This is a follow-up from my previous thread.
The thread discussed the question of why people tend to choose proprietary microblogging platfroms (i.e. Bluesky or Threads) over the free and open source microblogging platform, Mastodon.
The reasons, summarised by @noodlejetski@lemm.ee are:
- marketing
- not having to pick the instance when registering
- people who have experienced Mastodon’s hermetic culture discouraging others from joining
- algorithms helping discover people and content to follow
- marketing
and I’m saying that as a firm Mastodon user and believer.
Now that we know why people move to proprietary microblogging platforms, we can also produce methods to counter this.
How do we get “normies” to adopt the Fediverse?
Bluesky is FOSS tho…
what are you talking about? bluesky isn’t open source, the protocol is, and it reeks of embrace, extend, extinguish by branding itself as an open network
How can it be EEE if it’s their own protocol?
Also there is much more open source from Bluesky: https://github.com/bluesky-social
I don’t actually mean it’s EEE but that whatever they are doing feels similar; besides, with one big server controlled by a corporation in the centre of their ecosystem, they could “defederate” any rising AT-compatible competitor servers out of existence.

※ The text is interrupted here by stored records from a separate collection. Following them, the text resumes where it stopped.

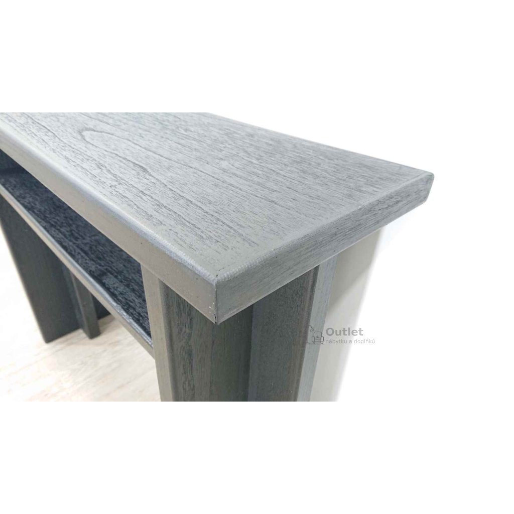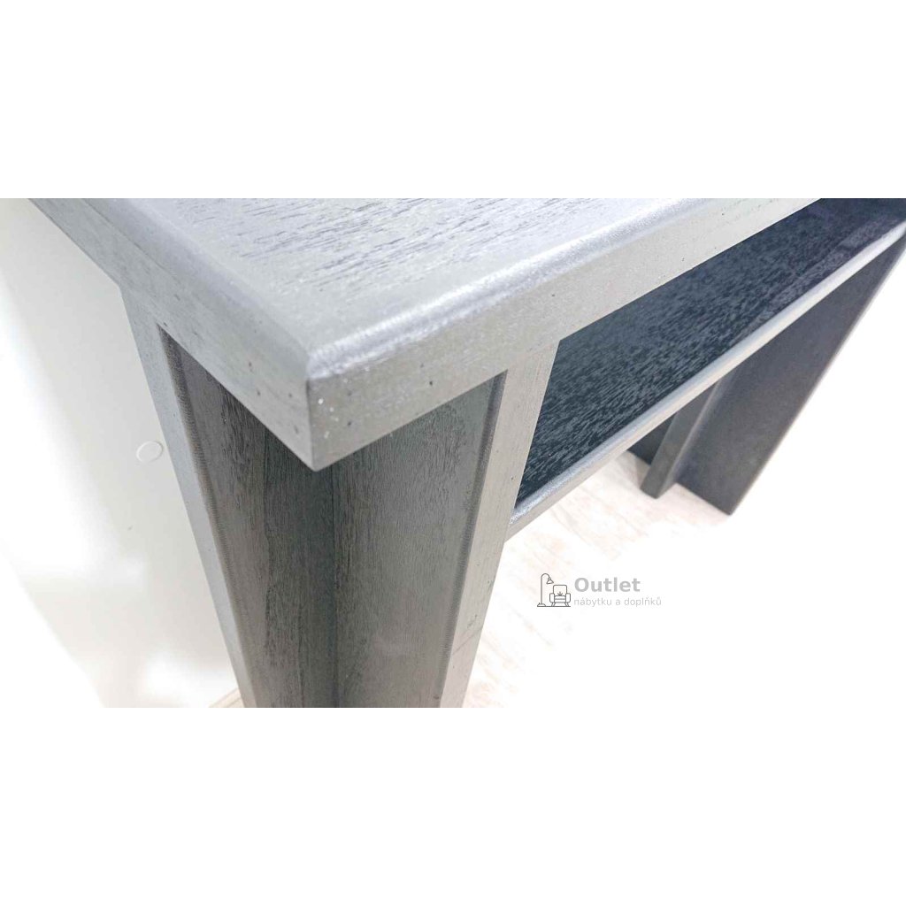 Krásný vyšší stolek s nádhernou strukturou dřeva s policí vhodný do předsíně, obýváku i do ložnice. Na police můžete vyskládat dekorace, květiny, fotorámečky a do spodní police můžete dát třeba úložné boxy.
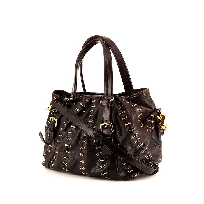 Straordinaria borsa a tracolla Burberry in pelle marrone con motivo forato e pelle verniciata marrone, inserti in metallo dorato, doppio manico in pelle marrone, tracolla rimovibile regolabile in pelle verniciata marrone da portare a mano in spalla o a tracolla.
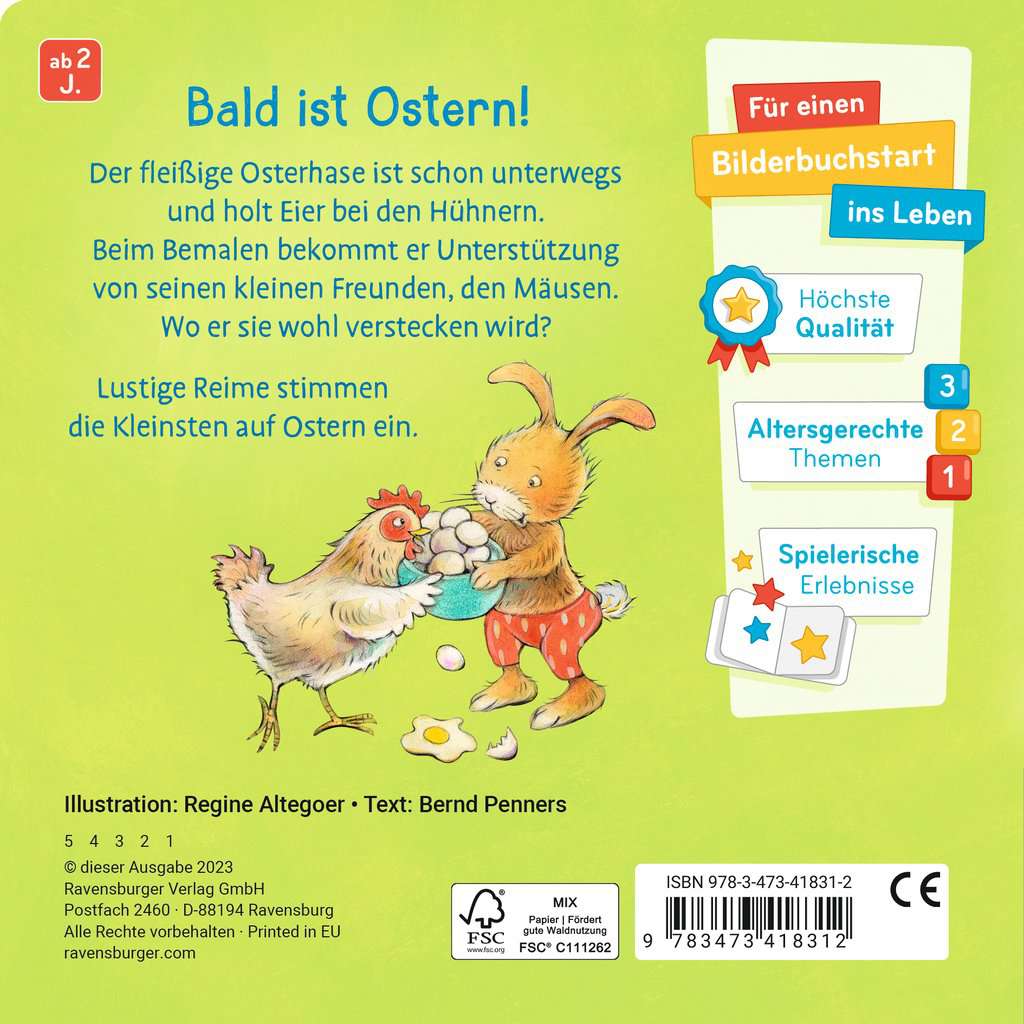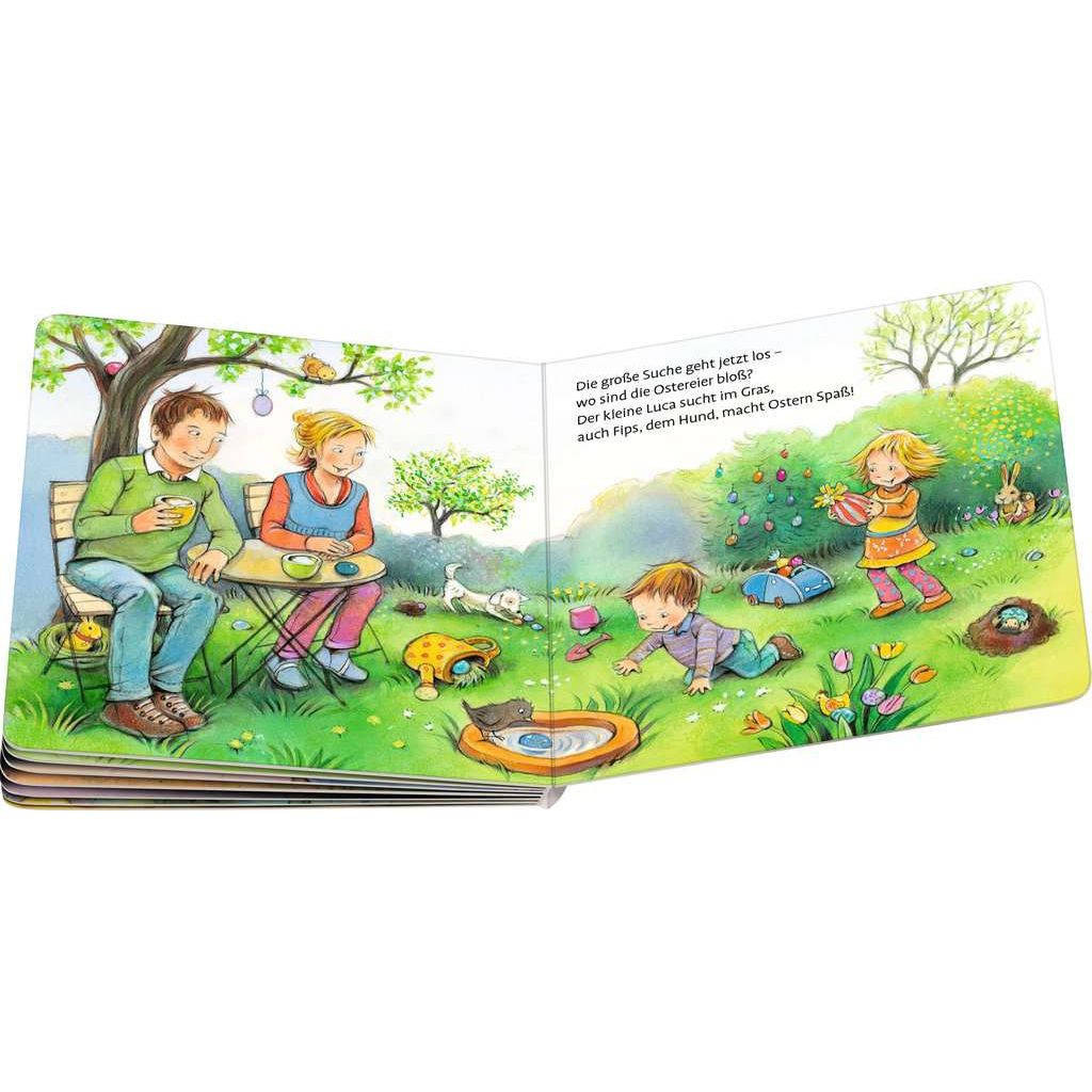 Bald ist Ostern und beim Osterhasen laufen die Vorbereitungen schon auf Hochtouren. Er holt Eier bei den Hühnern, bemalt sie mit seinen Farben und versteckt sie am frühen Ostermorgen in den Gärten. Auch bei den Kindern zuhause werden Ostereier bemalt und Osterlämmer gebacken. Auf 7 Bildern wird gezeigt, wie sich der Osterhase und die Kinder auf das Fest vorbereiten. Der Höhepunkt ist natürlich die große Eiersuche. Kurze Reime laden zum Mitsprechen ein und stimmen die Kleinsten auf Ostern ein. Für kleine Kinder ist das Osterfest das Fest der Überraschungen! Für sie ist alles neu, und ob es den Osterhasen wirklich gibt, eine ganz entscheidende Frage. In diesem lustig illustrieren Pappbilderbuch lernen sie die Osterrituale kennen und können dem Osterhasen bei seiner Arbeit zusehen. Das macht Spaß und lädt Groß und Klein dazu ein, darüber zu sprechen warum Familien das Fest zusammen feiern.
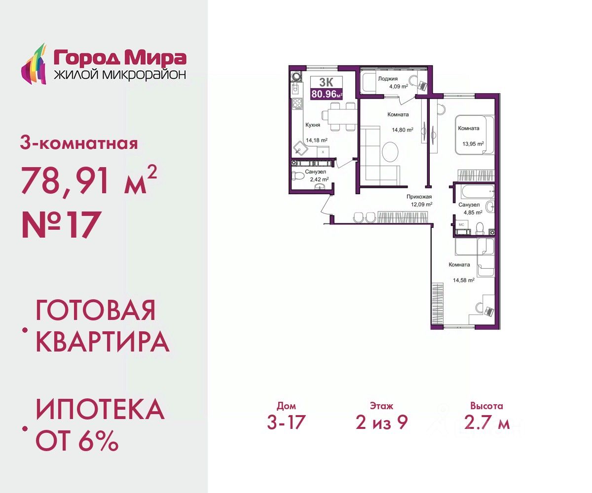 Продается 3-комн. квартира с предчистовой отделкой в ЖМ "Город Мира" на 2 этаже. Общая площадь: 77.5 кв.м., жилая: 43.33 кв.м., площадь просторной кухни-столовой: 14.18 кв.м. Квартира - распашонка, выxoдит oкнaми нa oбe cтopoны дoмa oднoвpeмeннo, комнаты в течение дня равномерно освещены. В квартире одна лоджия, один совмещенный и один раздельный санузел. Высота потолков 2.7 м.
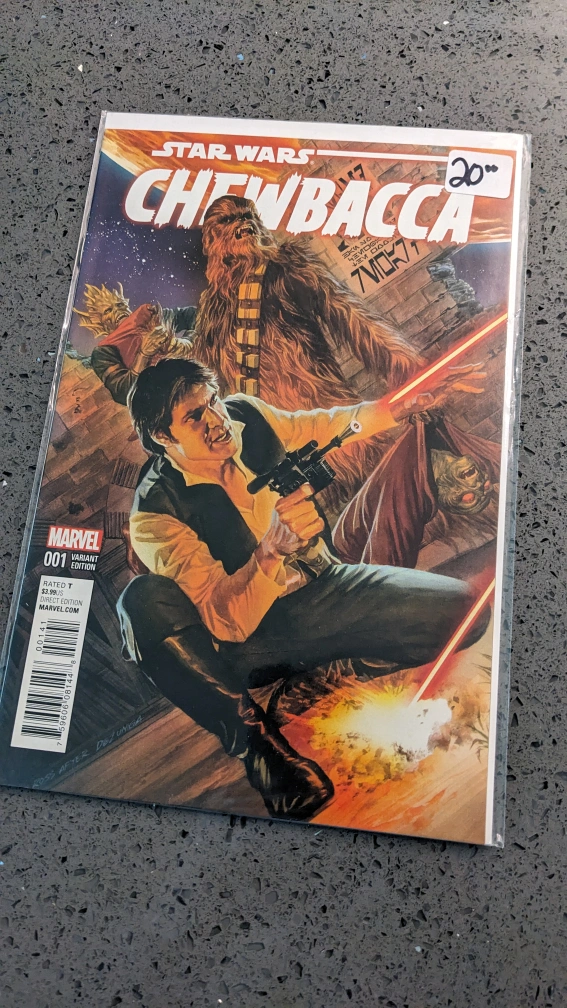 751Star Wars Chewbacca (2015) Issue #1 Marvel Variant Cover (Alex Ross) "Limited 1 for 50 Retailer Incentive Variant Cover. Written by Gerry Duggan. Art by Phil Noto. Cover by Alex Ross. Known as the skilled co-pilot of the infamous Millennium Falcon, the legendary Wookiee warrior CHEWBACCA will star in his very own limited comic series! After the battle of Yavin, Chewbacca is on his own when he crash lands his ship on an Imperial occupied planet. Now stranded, Chewie finds himself caught in the middle of trying to return to the rebellion and helping a young and feisty girl in need. 28 pages, full color."
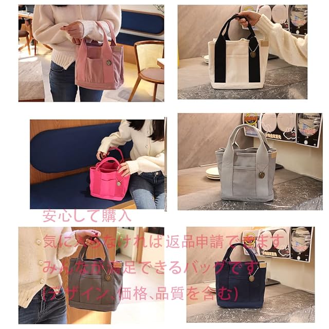 ヒント:外にはもう一つのポケットがあります。鍵、携帯などを置くことができます。ミニ トートバッグはお弁当箱やペットボトルがすっぽり入り、ランチバッグにピッタリ。
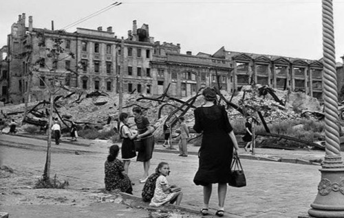 Руїни забудови Музичного провулку, посередині-будівля ломбарду. Фото з відкриих джерел
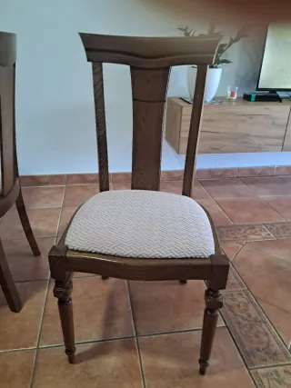 Elegante silla de comedor con asiento tapizado. - Estructura de madera de roble. - Diseño clásico con respaldo curvo. - Asiento con tapicería de tela en color claro. Mesa de madera maciza de roble con medidas de 90x160 + 20cm de extensión Mesa y sillas pueden ser vendidas por separado Precio negociable
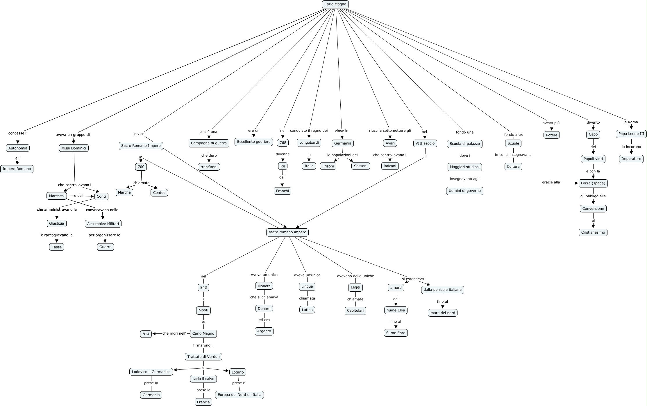 Questa Cmap, creata con IHMC CmapTools, contiene informazioni relative a: SINTESI Carlo Magno Castagner-Cescon, Giustizia e raccoglievano le Tasse, Campagna di guerra che durò trent'anni, 700 chiamate Contee, Scuole in cui si insegnava la Cultura, 768 divenne Re, 700 chiamate Marche, Marchesi e dai Conti, Trattato di Verdun e carlo il calvo, Trattato di Verdun e Lodovico il Germanico, 700 chiamate Contee, Denaro ed era Argento, Carlo Magno vinse in Germania, Potere grazie alla Forza (spada), Carlo Magno che morì nell' 814, Carlo Magno firmarono il Trattato di Verdun, Capo dei Popoli vinti, Autonomia all' Impero Romano, Marchesi che amministravano la Giustizia, sacro romano impero aveva un'unica Lingua, Missi Dominici che controllavano i Conti
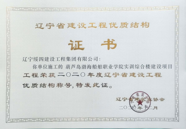 “葫蘆島渤海船舶職業(yè)學(xué)院實(shí)訓(xùn)綜合樓建設(shè)項(xiàng)目”榮獲2020年度遼寧省建設(shè)工程優(yōu)質(zhì)結(jié)構(gòu)稱號(hào)
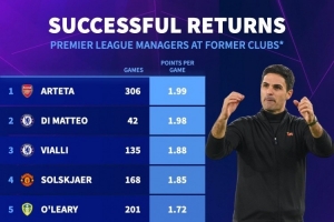 体育资讯11月21日讯 德国转会市场统计了教练执教球员时代英超老东家的场均积分,并列出榜单,阿尔特塔1.99分居首,迪马特奥1.98分次席。
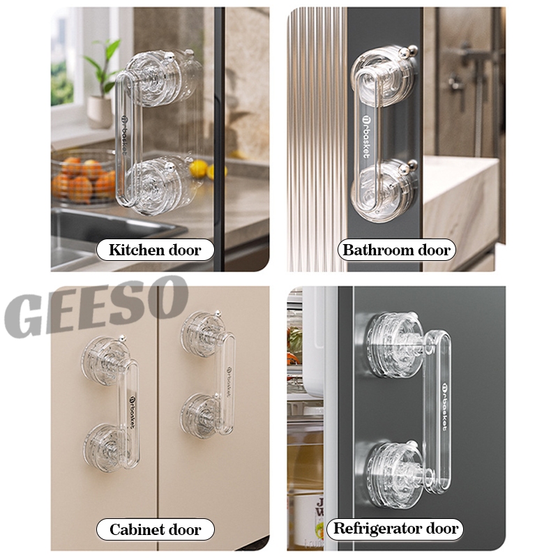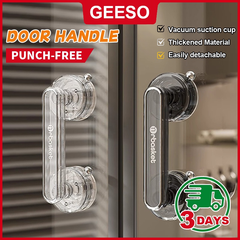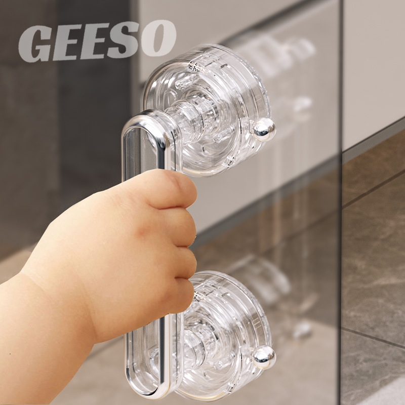GEESO มือจับประตูถ้วยดูด, ที่จับประตูบานเลื่อนกันลื่นกันน้ํา, ที่จับประตูตู้เสื้อผ้าแบบใช้ซ้ําได้แบบพกพาที่ถอดออกได้ Suction Cup Door Handle 吸盘门把手

They might not now, but don’t ever trust a company to not do this.
What would be the point of putting in the effort to make Bluesky or other ATProtocol apps selfhostable if they didn’t want people to do that? Doesn’t make any sense
The danger (as they can see) are not selfhosters, but larger competitive instances. They don’t allow AT servers of over 10 users and 1500 events a hour. This is clearly targeted to prevent large-scale instances (fediverse style) from being created.
How many bluesky users actually selfhost?
As your link states these are just early access limitations.